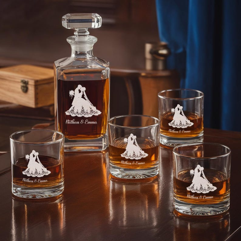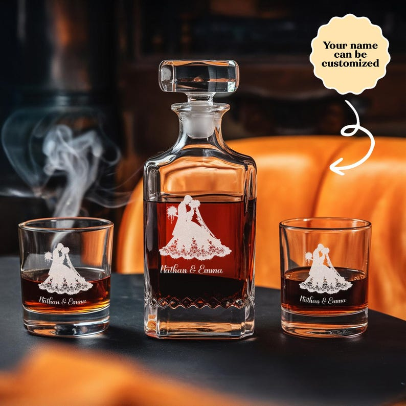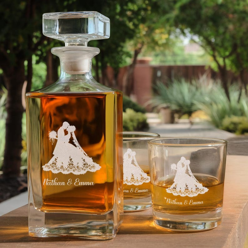 Personalized Name Bride And Groom Decanter Set And Whiskey Glasses | Engraved Whiskey Decanter Set | Gift For Wedding
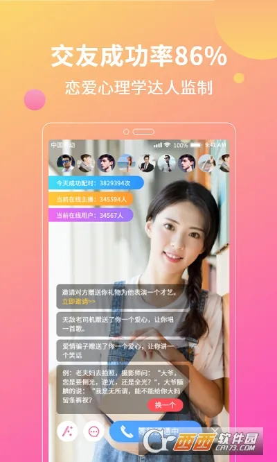 这是一款由合肥要特科技有限公司开发的视频交友手机软件。在这里,有诸多优质年轻用户,能轻松扩大社交圈找伴侣。平台会智能匹配对象,还设置有趣聊天话题。可通过多种聊天方式快速拉近彼此距离。能快速找到身边异性及同兴趣小伙伴,关注喜欢的人查看动态。专为单身用户设计,真人认证易找共同话题朋友。有声音交友、视频交友等模式,一键完善资料等亮点,还有真人在线、海量创意小视频等优势,快来下载体验!
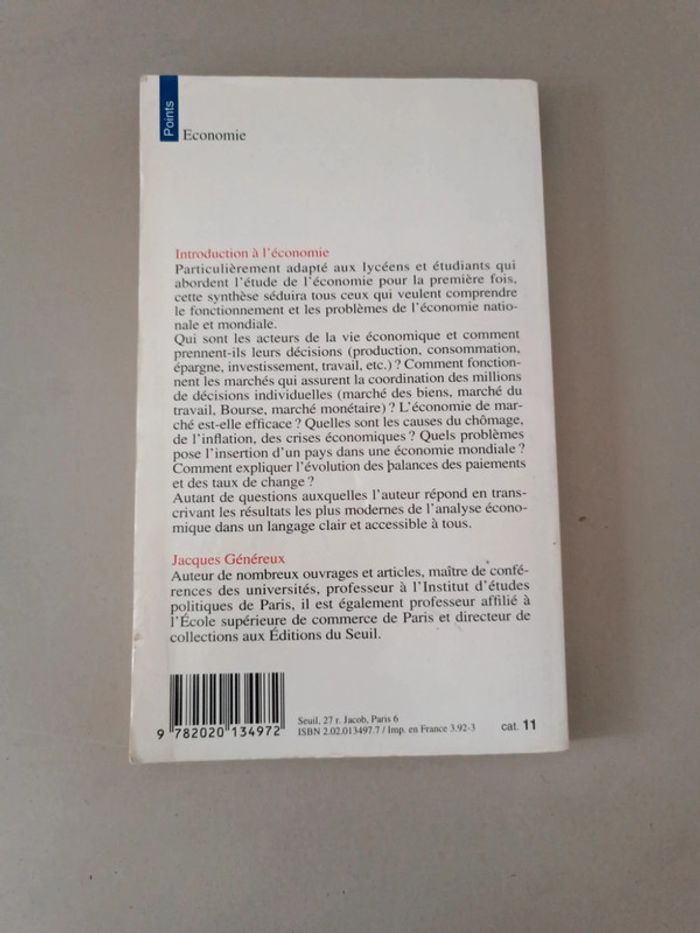Introduction à l'économie Jacques Généreux. Poids : 115 grammes. Voici le lien pour voir tous mes livres : #romain75015_Livres. Envoi rapide et soigné bien protégé pour le transport. N'hésitez pas à faire un lot pour avoir des réductions et mutualiser les frais de port. La couverture est un peu abîmée.
-*-*-
What this task involves —
Write out the full listing verbatim, excluding its pictures.

Result of the exercise —
 Personalized Name Bride And Groom Decanter Set And Whiskey Glasses | Engraved Whiskey Decanter Set | Gift For Wedding
 这是一款由合肥要特科技有限公司开发的视频交友手机软件。在这里,有诸多优质年轻用户,能轻松扩大社交圈找伴侣。平台会智能匹配对象,还设置有趣聊天话题。可通过多种聊天方式快速拉近彼此距离。能快速找到身边异性及同兴趣小伙伴,关注喜欢的人查看动态。专为单身用户设计,真人认证易找共同话题朋友。有声音交友、视频交友等模式,一键完善资料等亮点,还有真人在线、海量创意小视频等优势,快来下载体验!
Introduction à l'économie Jacques Généreux. Poids : 115 grammes. Voici le lien pour voir tous mes livres : #romain75015_Livres. Envoi rapide et soigné bien protégé pour le transport. N'hésitez pas à faire un lot pour avoir des réductions et mutualiser les frais de port. La couverture est un peu abîmée.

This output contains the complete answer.